WASHINGTON — In light of recent EpiPen price hikes, the House Oversight and Government Reform Committee aims to settle the difference between fair pricing and price gouging by making an example of drugmaker Mylan.
“We’re hoping, on multiple levels, for the company to defend what looks like an indefensible action in price gouging. The price of a two-pack EpiPen has now gone up 450 percent since 2007 and that’s just outrageous,” Rep. Gerry Connolly, D-Virginia, a member of the committee, told WTOP on Wednesday morning.
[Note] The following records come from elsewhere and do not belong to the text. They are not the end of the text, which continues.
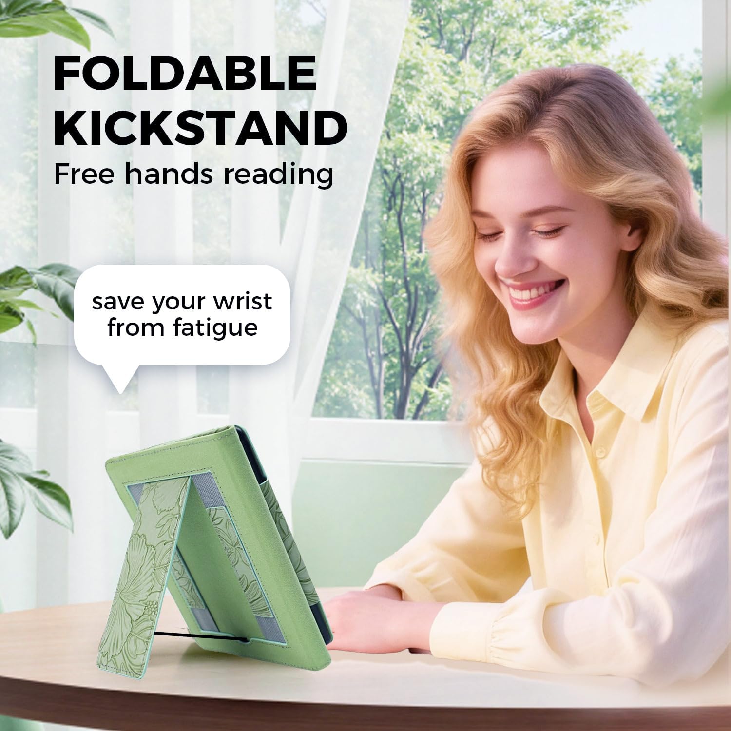 Review: I really love this Kindle case! It’s a very pretty pale green, and the embossed feel of the flowers and leaves is so nice. The magnet to hold the case closed is very strong, while still being easy to open. It’s great that the front of the case magnetically clings to the back while open and that it turns on when opened and off when closed. I especially love the little stand so I can lay it on the counter or table and not hold it the entire time. I don’t find any use for the hand straps, but I’m so happy they have two of them, as I’m a lefty, and most items are made exclusively for righties. I worried when I first tried to slide my Kindle in that I’d ordered the wrong size case, as it was a tight fit. Once inside, I realized this is a great feature, as another case I have is slightly large, and my Kindle slides around more than I’d like. I highly recommend this case and am so happy to have it!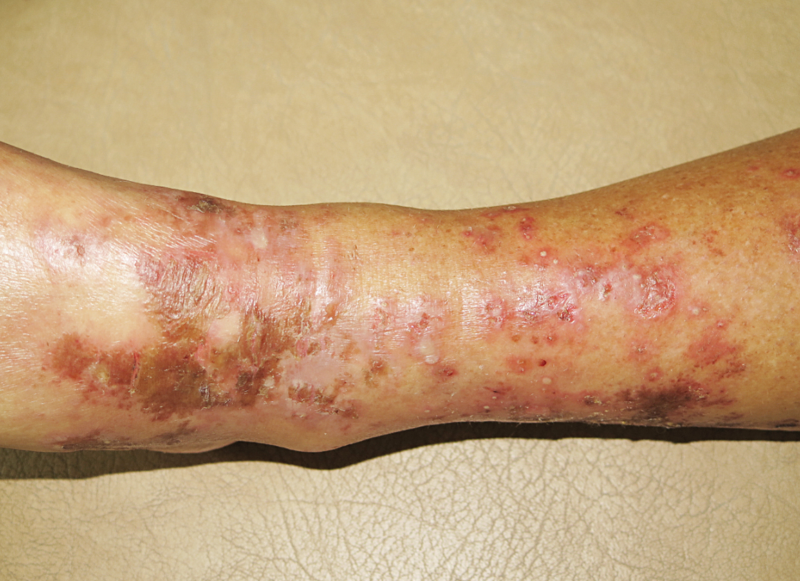 En tidigare frisk 51-årig man med 2 års anamnes på ett atypiskt, migrerande, rodnat och sårigt utslag på underben, underliv, skrotum, perianalt, vid näsan och runt ögonen. Tidigare övervikt (115 kilo); sedan 2 år 60 kilos viktnedgång, till en början frivilligt.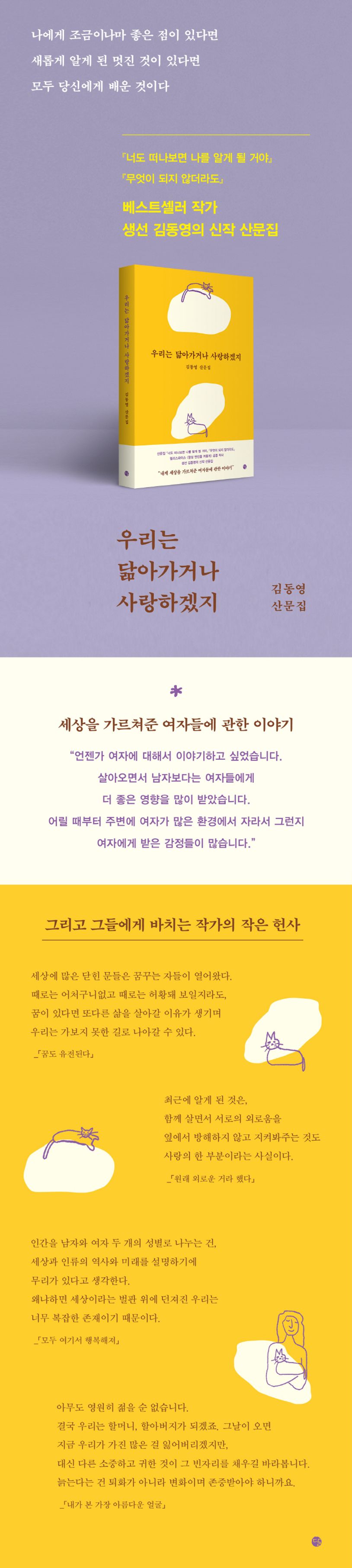 여행산문집 『너도 떠나보면 나를 알게 될 거야』와 산문집 『무엇이 되지 않더라도』 등을 통해 고유한 감성을 감각적인 문장으로 표현해온 김동영 작가가 신작 산문집을 펴낸다. 이번 산문집 『우리는 닮아가거나 사랑하겠지』에는 작가가 살면서 만난 여성들에 관한 이야기와 그로 인해 자신이 느끼고 배운 것들이 담겨 있다. “살아오면서 남자보다는 여자들에게 더 좋은 영향을 받”아왔다는 작가는 그 영향 속에 실제로 자신이 느껴보지 못한 감정들이나 특별한 지식 그리고 사유와 행동들의 포함되어 있었다는 것을 점차 알게 된다. 성장하는 과정에서 그들에게 배운 요소들이 현재의 자신을 이루고 있다는 것도. 그러니까 이 책은, 자신을 성장시켜준 여성들에게 바치는 따뜻한 헌사인 셈이다.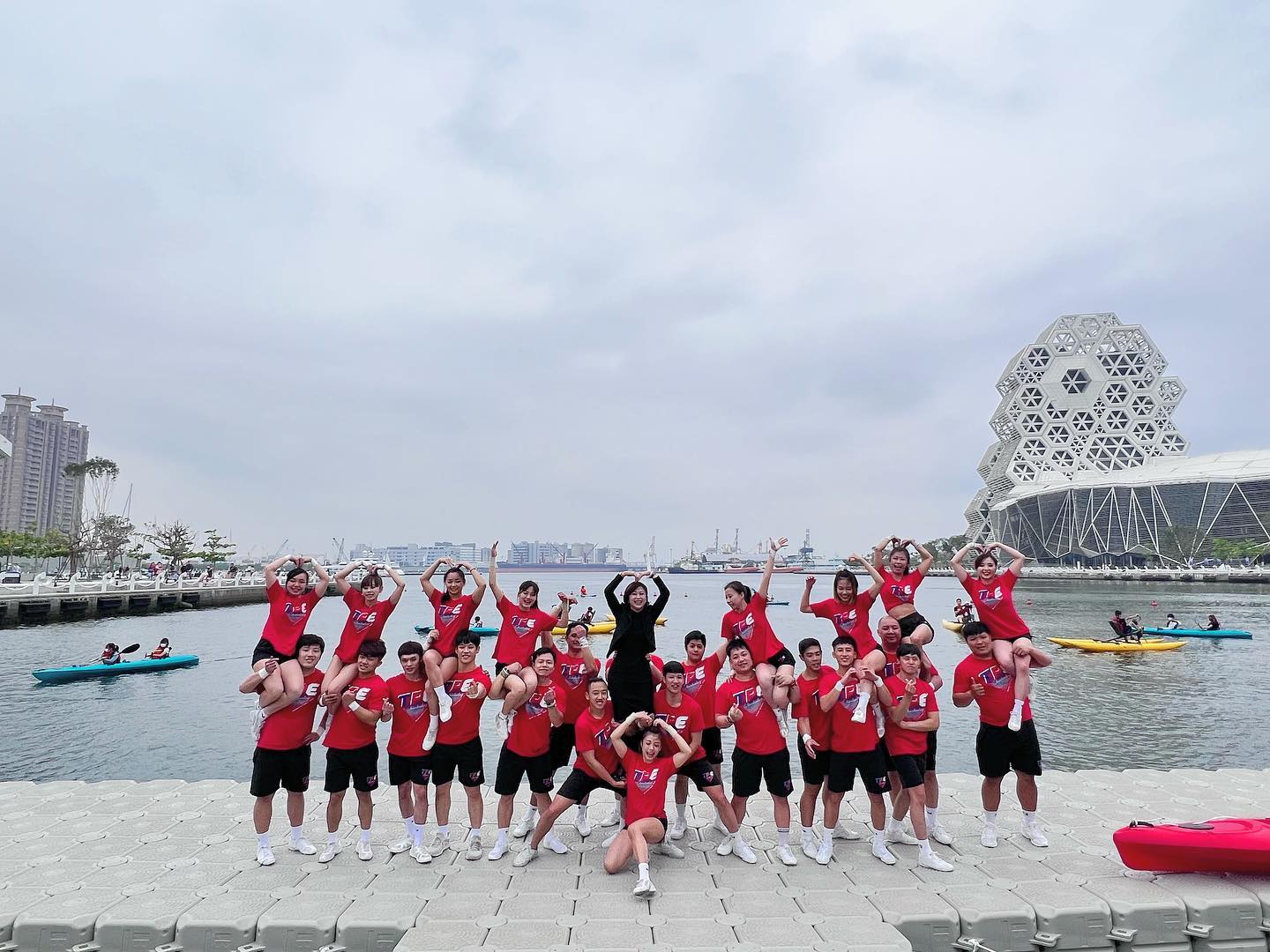 今天非常開心能夠邀請「中華競技啦啦隊協會-中華代表隊」為這次愛河灣春吶活動的開幕嘉賓,他們一早便來到高雄愛河灣遊艇碼頭練習👏🏻。

The committee launched an investigation into the drugmaker on Monday with a letter to Mylan CEO Heather Bresch. The letter asked the company to provide a briefing by Sept. 6, and documentation on Mylan’s profits from EpiPen sales by Sept. 12.
In 2007, EpiPens cost $94, Connolly said. Now, a two-pack costs $609 — actually an increase of more than 500 percent — possible through what Connolly called Mylan’s “virtual monopoly” on the drug.
“I hope that any layman can come to the same conclusion that this is price-gouging, [done] because they can,” Connolly said.
He added that Mylan moved its corporate headquarters from the United States to the Netherlands “to avoid taxation.”
“They pay almost zero in U.S. taxes and show very little responsibility, obviously, with respect to customers as well,” he said. “When you raise prices because you can, an especially when it’s a lifesaving drug like EpiPen is … merits some real careful scrutiny.”
Connolly said the committee has already gotten some response from the company in the form of a discounted generic product, “virtually identical” to the brand-name EpiPen, that’s being sold at half the price.
“Clearly there was a lot of discretion in the pricing of this drug. And it’s purely driven by profit motive,” he said. “There’s nothing wrong with profit, but you have to take into account the millions of people who also depend on the drug.”
He hopes the investigation can “make an example from the company.”